Datil Gearhead89 Jul 29, 2014 at 10:28 AM
Use PSEXEC to run a command from his machine http://technet.microsoft.com/en-us/sysinternals/bb897553.aspx I usually copy it to C:\exec Open command prompt and type in cd C:\exec then psexec \\machinename -s -h betstat -b -f psexec \\machinename -s -h netstat -o -f Run netstat -b -f to get the .exe and the foreign address that it's communicating with Run netstat -o -f to find the PID and the foreign address that it's communicating with Using either the PID or -b you should be able to see that TeamViewer is being used throughout the day and what ports.
Ghost Chili [email protected]
Jul 29, 2014 at 11:16 AM Internal I.T. Ltd is an IT service provider.
What are you using for a firewall, most modern UTM/NGFW are application aware and can track apps like teamviewer base on their packet info.
Sonora Ivan-Ivan Jul 29, 2014 at 5:14 PM
Try with hidden/spy screen capture and you will have pretty nice proof.
Mace hutchingsp Jul 29, 2014 at 5:44 PM
I'd just go look at something like Spector360 - better and more understandable "proof" than a bunch of packet captures.
Tabasco Edward_B Jul 29, 2014 at 8:12 PM
+1 for SpectorSoft or similar. When it comes down to the nitty gritty of it HR will need simple reports / proof that they can later submit to the unemployment office or possibly even use in court (to battle a wrongful termination lawsuit). While that may not seem like something they want now, I've learned over the years its better to be proactive in your data compilations now, than to be scrambling in a reactive mode later.
Poblano Ridge Jul 29, 2014 at 9:05 PM
Keeping the political issue aside, I have been ask to sniff the network and see if a user (one specific user) is using TeamViewer from his desktop to connect to system outside of our company. (personal client on the side)
Sorry but the political issues must be dealt with first before you can safely deal with the technical issues at hand. You are being asked to do something that can get you fired and put in jail! Cover your bases. Make sure you have clear, written authorization from an executive, that specifically authorizes you to capture all traffic, to analyse all traffic, and report your finding. No matter who it is, if they refuse to provide you written authorization to perform a packet capture and analysis, then you should not do what they ask, and you should report it to someone else either at the same level or higher up.

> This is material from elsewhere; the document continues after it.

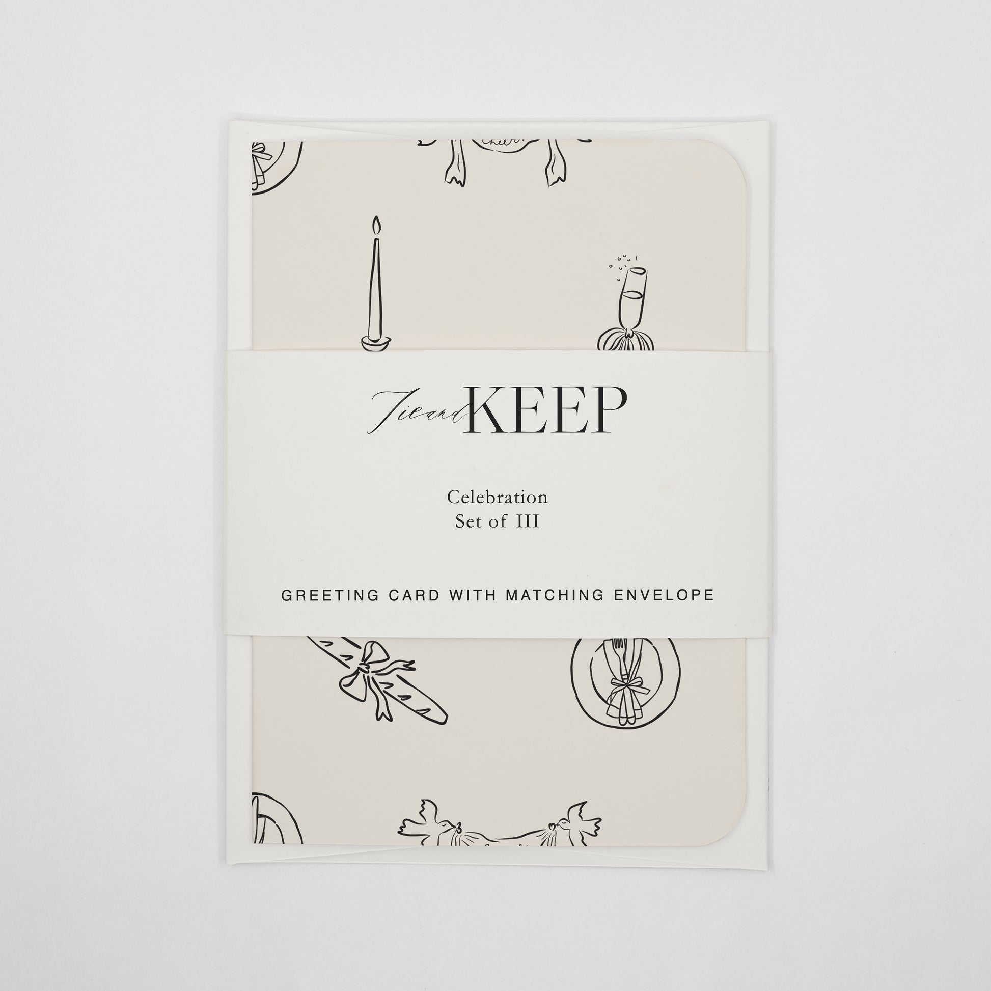 Tie and Keep’ in küçük stüdyosunda basılan tebrik kartları ve kurdele ile tamamlanacak biçimde tasarlanan, eşleşen zarflar; tebrik ve kutlama notlarını, küçük bir hediyeleşme ritüeline dönüştürmek ve saklanabilir kılmak üzere, özel olarak üretildi.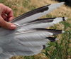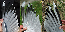 1. Grey tone of upper-parts. Scored 1-20 on Agfa grey scale (which is similar to the Kodak 20 step grey scale) in 0.5 classes. See Goethe (1961) and Jonsson (1998) for discussion of the use of grey scales and measurements. We first scored grey tone in the field (in the shadow) and photographed each bird with the scale held next to its wing, to optimise parallel light conditions for feathers and grey scale simultaneously (see for example plate 7). Data were then validated from the photographs, using Photoshop ‘grey scale’ mode to correct for brown hue and chroma. 2. Black on greater primary coverts. Scored as either present (+) or absent (-). A bird is scored positive only when pigmentation exceeds the width of the shaft. 3. Number of primaries with black pigmentation. Small black sub-terminal spots are included and scored positive. 4. P10 and P9 primary patterns. Following Goethe’s classification, we used six classes to characterise these feathers. I: No mirror. II: Mirror on one web. III: Full sub-terminal black band, mirror on both webs. IV: Sub-terminal black present, but band broken. V: No sub-terminal black, mirror completely merged with tip. VI: ‘Thayeri’ pattern, medial band not reaching the feather-edge of the inner web. For more details, see plate 1 and Goethe (1961).

Pimiento markevans4 Jul 29, 2014 at 10:00 PM
I have Cisco ASA 5515. Is that an application aware firewall?? Jeff and Gearhead89 thanks for your input. I will try your tips out. Ivan, hutchingsp, Edward_B thanks for pointing out the hidden/spy screen capture software. I had used some before (freeware) and as per my experience, you would have to login to the system to install\configure it. The guy under question is an IT person with 10 to 15 years of experience. So I don't want to do anything that might tip him off that something is going on. So looking for something that wont be detected. But I will look into SpectorSoft and see if there is a silent way to set it up. Ridge thanks for the input. Yes, I myself don't want to get into a llegal issue just beacuse someone in the HR wants me to find dirt on someone. I got my based covered with an written approval from HR and VP. Thank you, Mark.

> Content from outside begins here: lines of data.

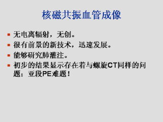 核磁共振血管成像(MRA)是一项相对较新的诊断PE的手段。最近,其在较大规模的疑诊PE患者队列中使用的可行性已经得到了证实。但是,亚段栓子很容易被漏掉,因而也存在着与螺旋CT相似的问题。主要的优点之一是:能够进行重复检查(例如治疗后的随访),因为它并不使用电离辐射。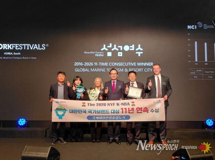 뉴스펀치 김용희 기자 | 여수시는 2일 오전 서울 롯데호텔에서 열린 ‘2026 대한민국 국가브랜드 대상’에서 11년 연속 국제해양관광휴양도시 부문 대상을 수상했다고 밝혔다.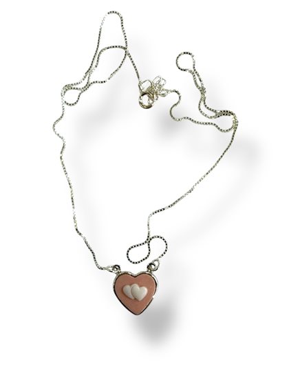 Collana in argento 925 con cuoricino di cammeo rosa “ 2 cuoricini” . Lunghezza collana cm 43 + 3.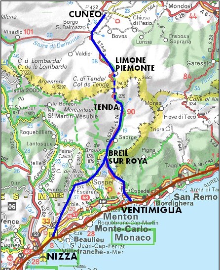 Nizza e Montecarlo tramite il traforo del Colle di Tenda. La stazione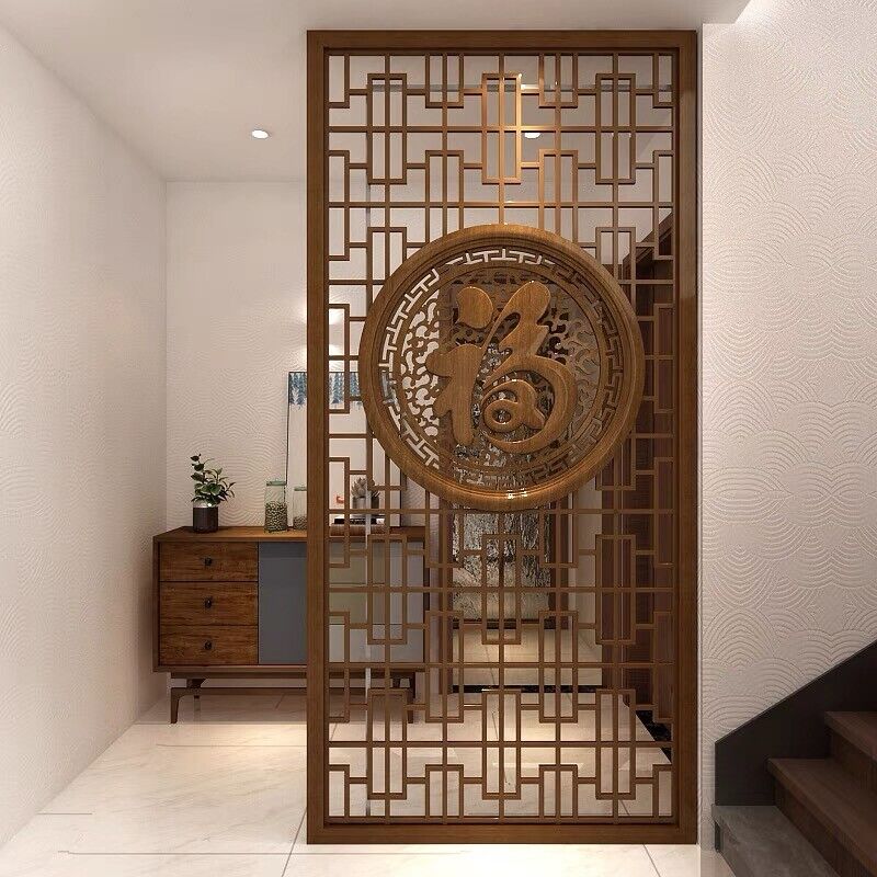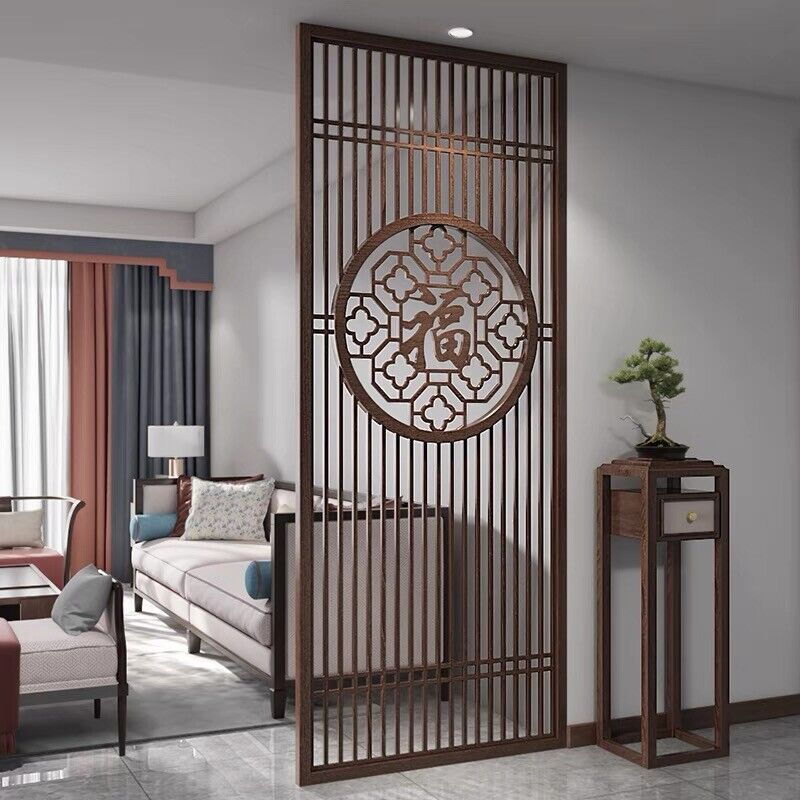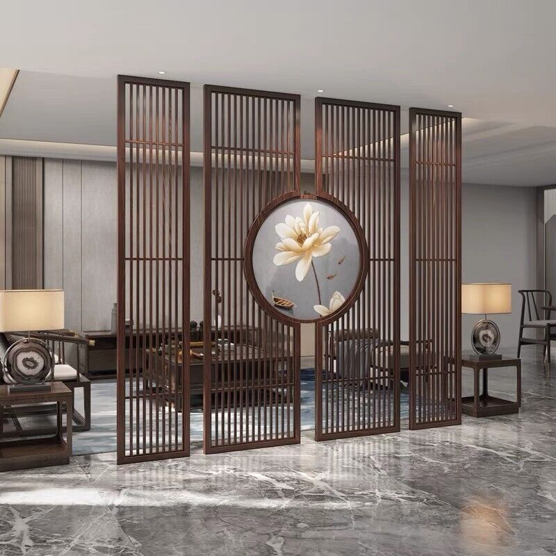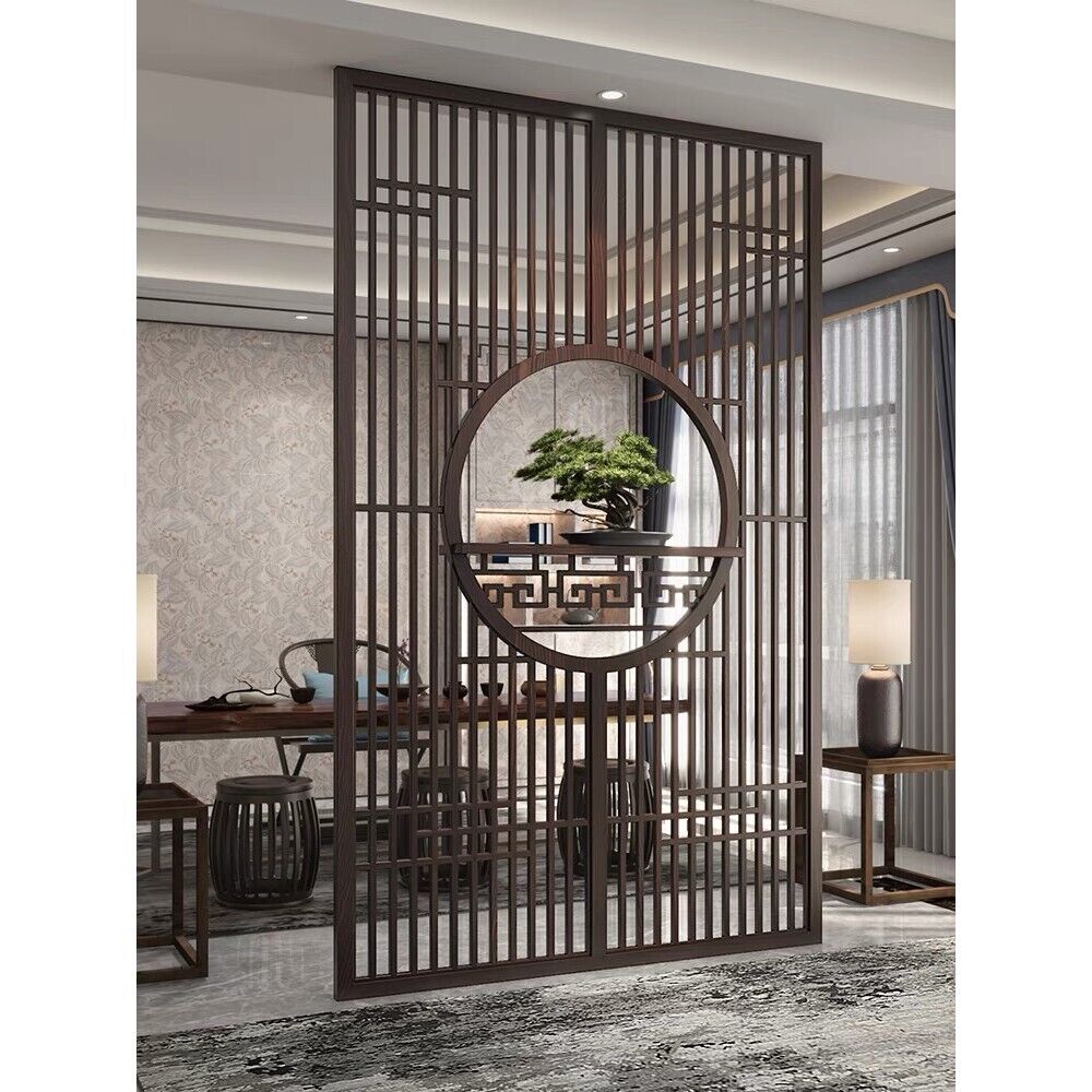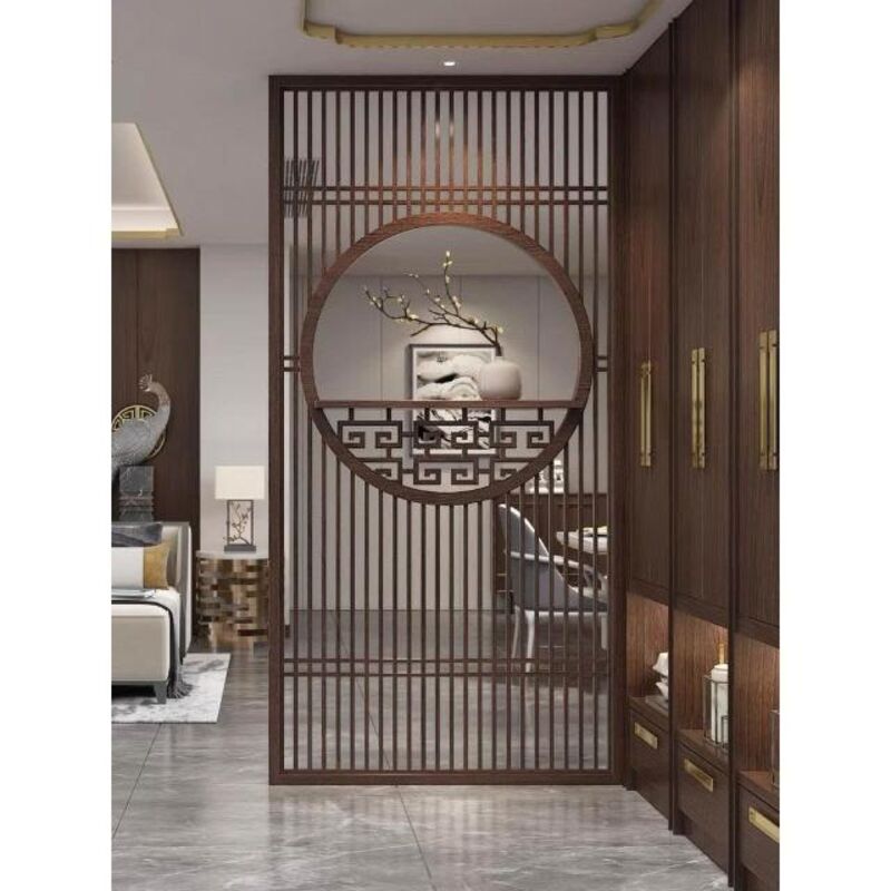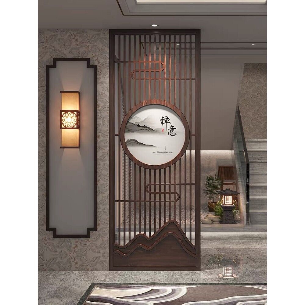 客製化屏風 隔斷 新中式屏風隔斷實木格柵镂空花格紗畫客廳入戶對門玄關遮擋座屏

Datil Gearhead89 Jul 29, 2014 at 11:42 PM
The Cisco ASA should be able to sniff the traffic out for you or some of it at least. http://www.cisco.com/c/en/us/support/docs/security/asa-5500-x-series-next-generation-firewalls/11011... This would also help - http://www.firegen.com/
Mace hutchingsp Jul 29, 2014 at 11:57 PM
@markevans4 I'm pretty sure Spector is all but invisible though I'm sure they can confirm. I guess my only point is that if you're taking a disciplinary against someone I'd be very wary of doing it based on a bunch of pcaps and netstat and similar stuff that most folks simply won't understand vs. "There's screenshots with the dates and times".

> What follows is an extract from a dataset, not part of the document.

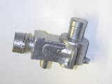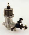 This 5cc side-port diesel is the work of Tasmanian builder, Tony Gray. Tony likes big, old R/C models so he developed the engine to turn a correspondingly big prop, be easy starting, docile, and inexpensive. The forward located exhaust "T" allows the oily diesel exhaust to be easily pipes away from the airframe and the rear mounted throttle simplifies the linkage hookup. I like the practical prop retention screw too. Tony does his own castings in aluminium dies using recycled automotive parts (helps to own a motor garage and wrecking yard!) |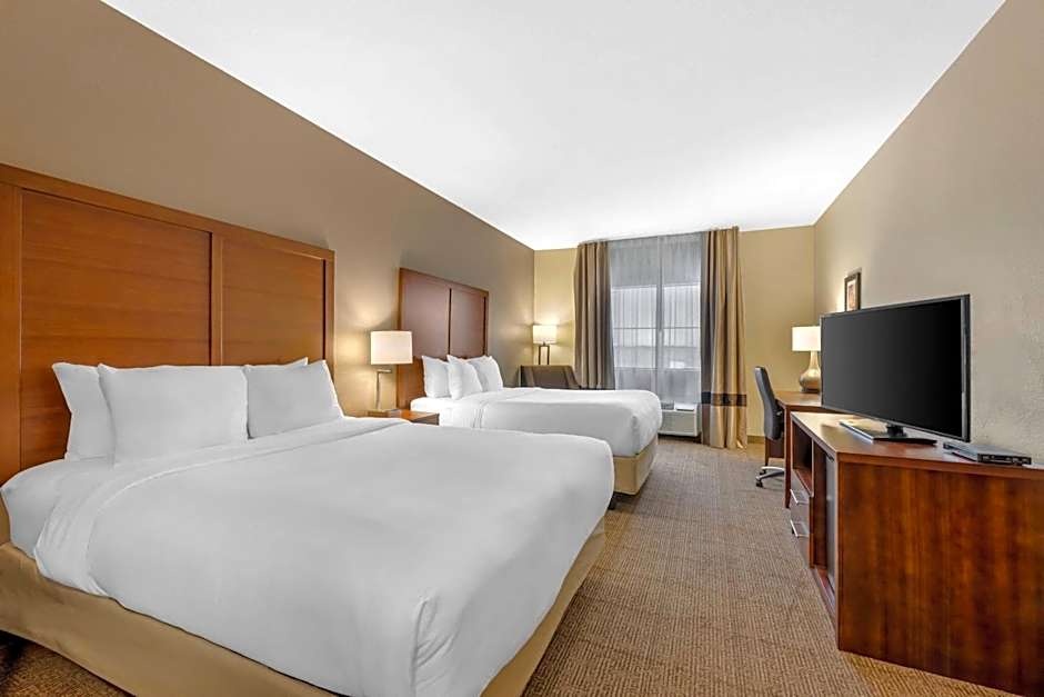 The Comfort Inn I-20 Midland Stanton offers a variety of room options. These include King Rooms with Roll-In Showers, Queen Rooms with Two Queen Beds, and regular King Rooms. All rooms are non-smoking and accommodate a maximum of 2 adults and 1 child, except for the Queen Rooms with Two Queen Beds which can accommodate up to 4 adults and 3 children. The bed sizes range from a King size bed to two Queen size beds.

Thai Pepper Jack (Veriato) Jul 30, 2014 at 12:14 AM Brand Representative for Veriato
Yes, Spector 360 or Spector CNE would definitely provide you with the information you are looking for. You can get data on the applications the users are using, how much time they are spending using those applications, the source/destination IP addresses and ports those applications are communicating on, etc. And, as mentioned above, you can provide screenshots to supplement the data that you collect and provide context around it. It is definitely something that is very easy for someone in, for example, HR, to comprehend. And yes, I agree that you should definitely work with HR and/or your company's legal department before implementing something like this. Also, make sure your company has an appropriate Acceptable Use Policy in place. Here are a couple of resources that you might find useful: Bringing Your Acceptable Use Policy Up to 2013 Standards (white paper, pdf, direct download) Is Employee Monitoring Legal? (article)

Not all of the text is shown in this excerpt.